Захар, кажется, и нынче почувствовал такое, что поменяло в нём и сделало несходным с самим собой, в сущности тихим и скромным малым, который, когда во трезвях, ходил по улочкам осторожно и с опаской, словно бы стесняясь, и ничего ни от кого не требовал и обходился тем, что отпало от общей людской судьбы. Только вот напасть, в подпитии его часто заносило, и ему делалось тесно в том мире, где вынужден жить, и хотелось чего-то неведомого. В том-то и дело, что неведомого, никем не потревоженного? Портнягин впервые услышал это слово, надо думать, в местном православном храме, куда нет-нет да и заходил, чтоб постоять в толпе молящихся, поглазеть на иконки, повздыхать, чувствуя, как на сердце становится всё спокойней, ни к чему не притягиваемо и ни от чего не отталкиваемо. Это слово крепко запало ему в память. И к месту ли, не к месту ли он произносил его, прислушиваясь к звучанию, и всякий раз отмечал в нём некую новину.
Как-то в удачливый для жителей Подлеморья сезон, когда омулёвые косяки запрудили ближнее водное пространство, он выловил в лодке, доверху нагруженной рыбой, маленькую лупоглазую серебряную рыбку и показал её артельщикам, восклицая: «Вот чудо-то, а?.. Прямо сказать, неведомое!..»
Рыбаки не приняли его восторга. Сказал кто-то:
– Чё тут неведомого? Обыкновенна голомянка. Живородяша. На морском дне живёт. Непонятно токо, с чего бы поднялась на волну, с какого-такого зачумленья? Ить она вся из жиру, и ужасть боится солнца. Скоро, надо быть, растает у тебя в ладошке и ничего от её не останется, разве что тонкий скелетик.
А когда так и случилось, Портнягин расстроился, но взял себя в руки, вынул из холщовых штанов белую тряпицу, завернул в неё скелетик и запрятал в нагрудный карман широкой сатиновой рубахи, которая была на нём. Когда ж пришёл домой, положил скелетик на полочку под образа, а потом долго сидел в переднем углу, хотя Гланя уж сняла с печки сковороду с жареной рыбой и раза два заглядывала в горницу, любопытствуя, что там поделывает муженёк, однако ж и малым словом не потревожила его, уж давно взяла в соображение, что не глянется Захару, когда норовят помешать движению его мысли. Кстати, про это он сам сказал Глане чуть ли не в первый год их совместной жизни. И она запомнила, а со временем это сделалось правилом для неё, которому следовала неукоснительно, хотя порой и хотелось поломать тут. Но что значат наши желанья, если ни к чему не влекут? Не лучше ли избавляться от них?..
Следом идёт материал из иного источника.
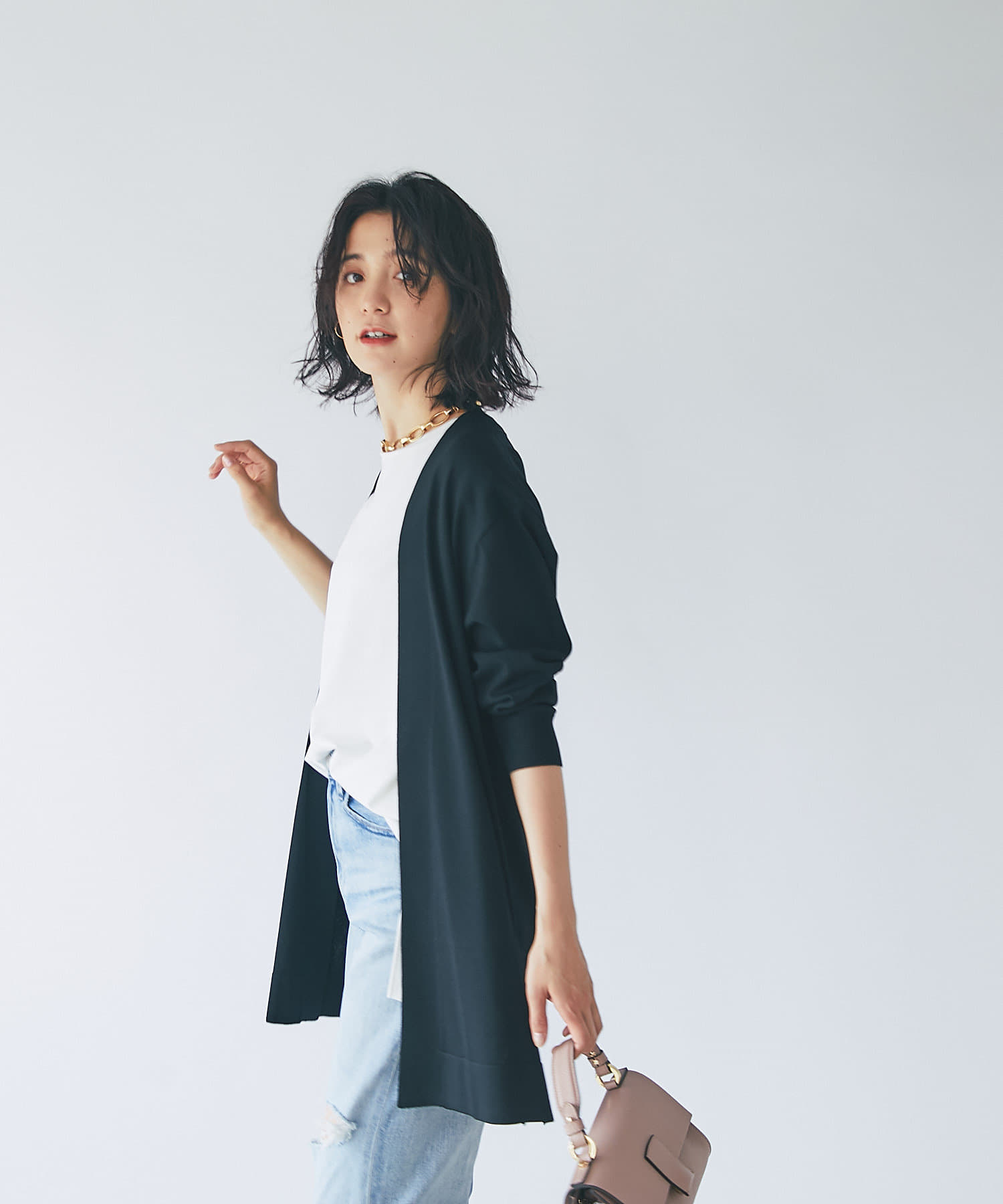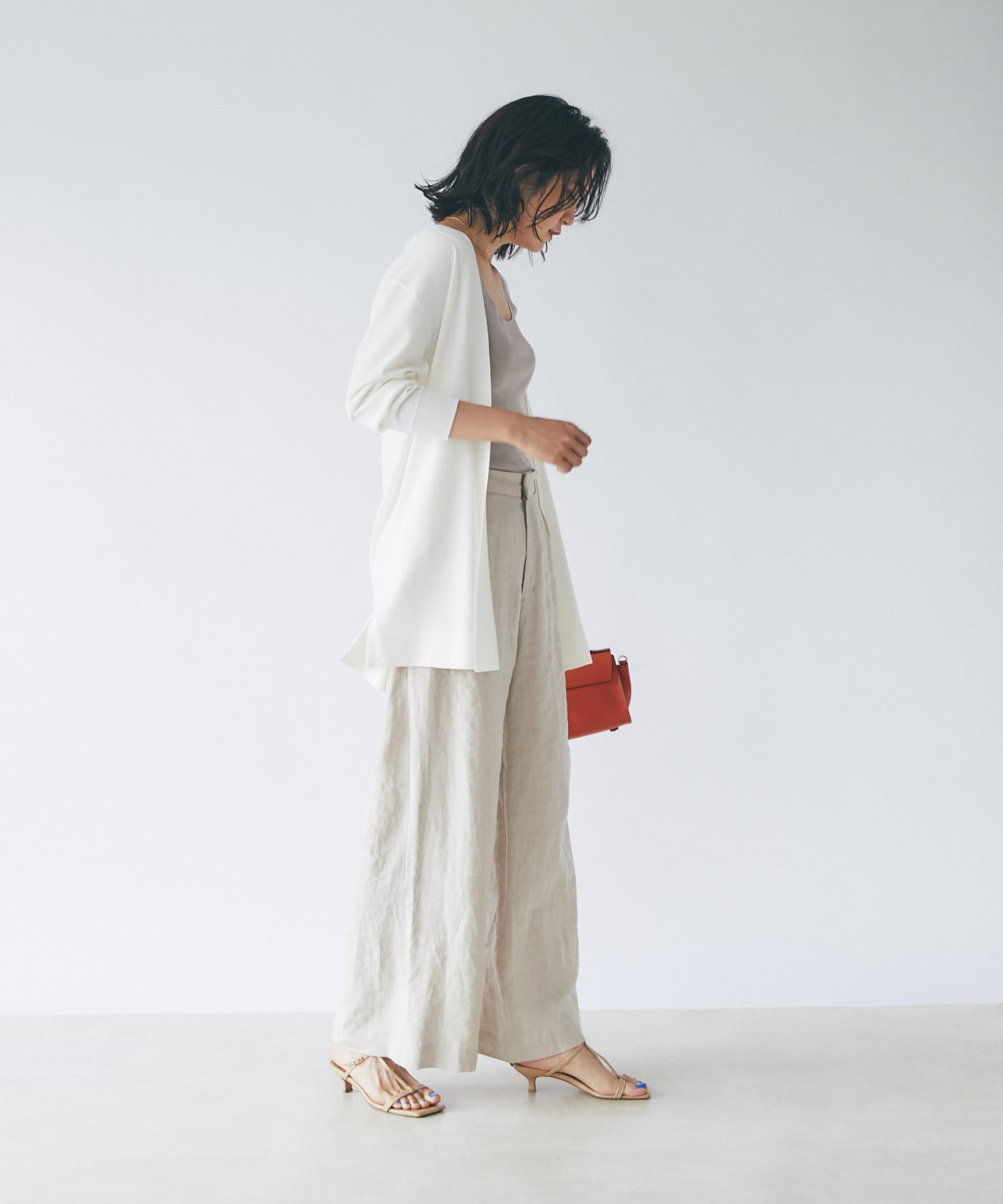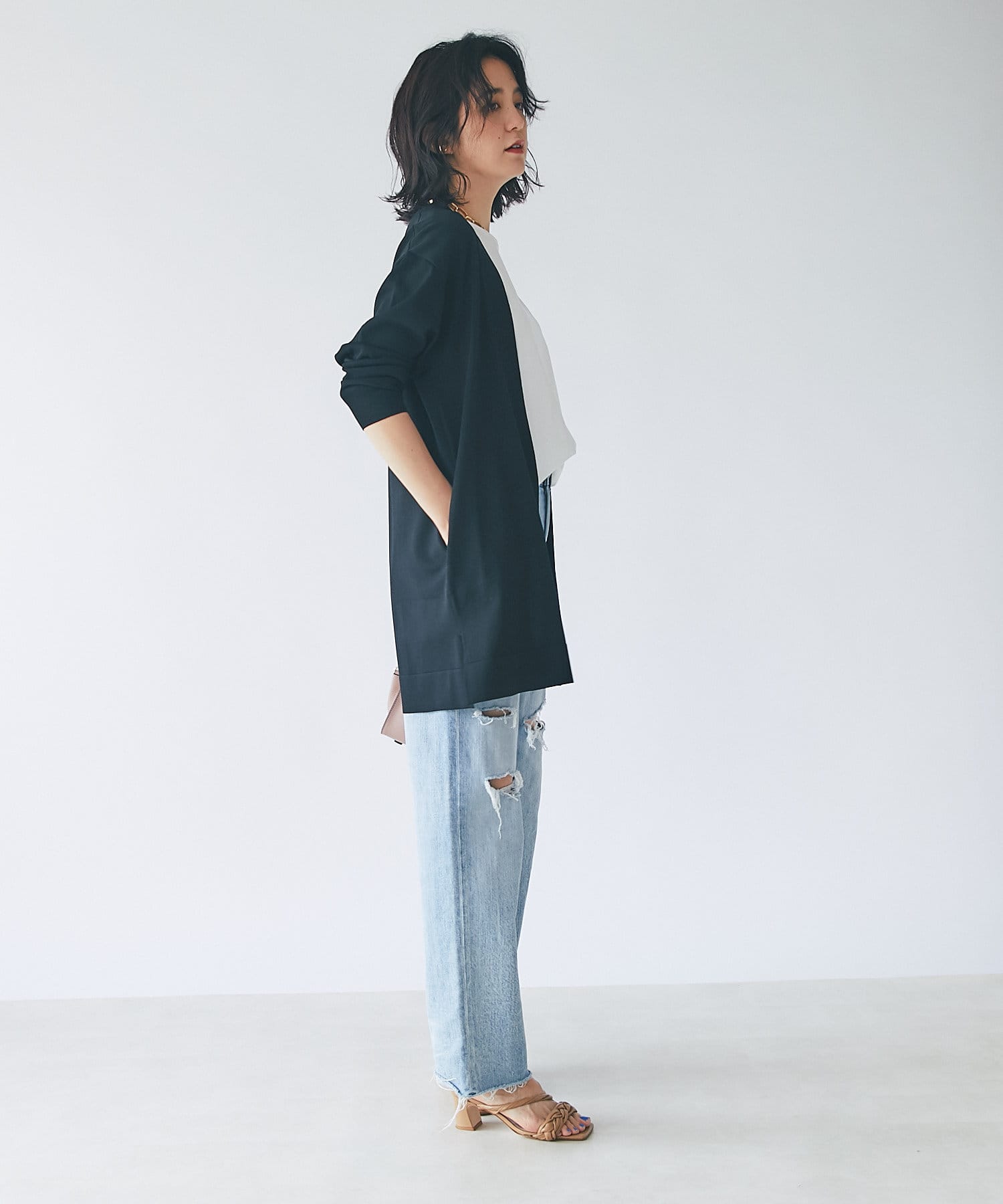 ノースリーブなどに羽織ると日焼けや冷房対策もしつつ、抜け感が出ます。

– А давай на спор, – поправляя на себе рубаху, загоняя её под широкий кожаный ремень, сказал Портнягин, – Что переплыву Байкал в омулёвой бочке не хуже того бродяги?..
– Чего ж, давай, – хмыкнул Митрий, протягивая Захару загорелую руку. А когда уверовал, что спор ничем не угрожает ему, обронил весело. – На ящик водки. – Помедлив, уточнил: – Ясно дело, с магазину!..
– Идёт!.. – кивнул лобастой головой Захар Портнягин.
Он и сам удивился собственной прыти. Откуда у него такие деньги-то?.. Ну, есть, конечно, кое-что в загашнике. Уж который год Гланя откладывает на «чёрный день». Только можно ль пустить на ветер заначку? Но павшего с языка не воротишь. Уронил на руки жёлтую, в белых лоскутьях, голову, мало-помалу трезвея, и неожиданно для себя заглянул в своё прошлое, хотя туда раньше не тянуло. Он и не думал о нём, как если бы всё, что было прежде, сделалось невозвратно. Может, поэтому никто на поселье, кроме жены, которой в первую брачную ночь Портнягин сказал, откуда он родом и отчего оказался в Подлеморье, в том числе и давний приятель Хворов, не знал. Не знал, отчего он много лет назад приехал на Байкал и сразу же пошёл в рыболовецкую артель наниматься на работу. В те поры там нужны были молодые сильные руки, и башлык ни о чём не спросил у мужика. Впрочем, если бы даже спросил, вряд ли получил бы вразумительный ответ. И вовсе не потому, что Портнягину было что скрывать, скорее потому, что как раз нечего было скрывать. Ну, жил с бабкой в деревне под Рязанью. Отца с матерью не помнил, померли те, когда ему не исполнилось и года. С грехом пополам окончил среднюю школу, а потом пошёл в армию. Отслужил своё и подался на Байкал, про который много чего слыхал от сослуживцев, и загорелся… Ещё и потому, наверно, так сварганилось, что в отчей деревне уже никто не ждал его, бабка к тому времени отдала Богу душу, а колхоз, где можно было чего-то сыскать для души, развалился.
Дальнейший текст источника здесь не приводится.